Was I supposed to just grit my teeth?

Posted .

The health insurance plan I have through my work processed the claim for my emergency room visit and gall bladder removal surgery. They approved everything, with one exception: a $780 charge for general anesthesia.

Ouch!

According to the first footnote on the Explanation of Benefits:

Your plan benefits do not cover all services. The service noted above is not covered. Please read your plan booklet for details.

Naturally, this made me want to read my plan booklet, because it seemed to me that not covering anesthesia during surgery was a rather large thing to leave out of a medical plan. But I don’t have a copy of my plan booklet. So I asked the local HR person at my office. No plan booklet. I called the corporate HR office. They don’t have a copy of the plan booklet, either.

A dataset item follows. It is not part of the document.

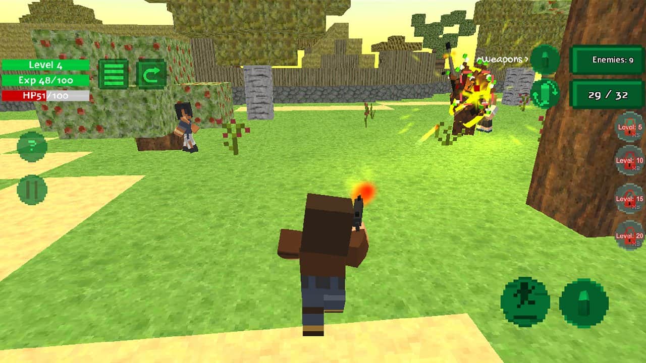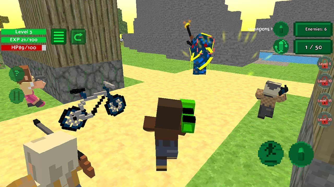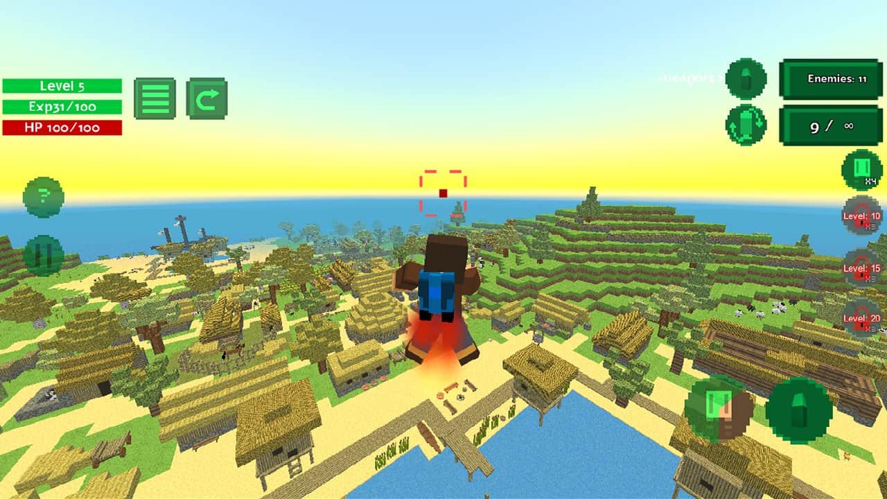 Blocky Island Rampage – descubre la enorme isla que quieren capturar monstruos y robots de combate. Toma las armas y explora la isla, cazando a tus enemigos y destruyéndolos. Pasa por densos bosques y explora los vastos valles, y navega, destruyendo enemigos con agua. Únete a las fuerzas de los aldeanos y juntos luchan contra todos los enemigos. En tu arsenal de armas siempre encontrarás algo interesante, así que revisa las armas y los lanzacohetes. Muévete a través de varias ubicaciones y busca refugio, aumentando así tus posibilidades de ganar.

Apparently, no one at my company knows exactly what is covered by our medical plan.

But it gets better. There was a second footnote regarding the denial of the claim:

Your plan excludes coverage for services related to weight control, including surgical procedures primarily intended to control weight or treat obesity, including morbid obesity.

Riiiiiight. That’s the primary reason why I wanted the anesthesia — to lose weight. The whole being-unconscious-during-painful-surgery thing was merely secondary.

I called the insurance company about the denial of the claim, and the customer service representative burst into laughter. Fortunately, it was the good kind of laughter, rather than the evil, maniacal laughter one generally expects from an insurance company. She said it was clearly a mistake and that they would reprocess the claim.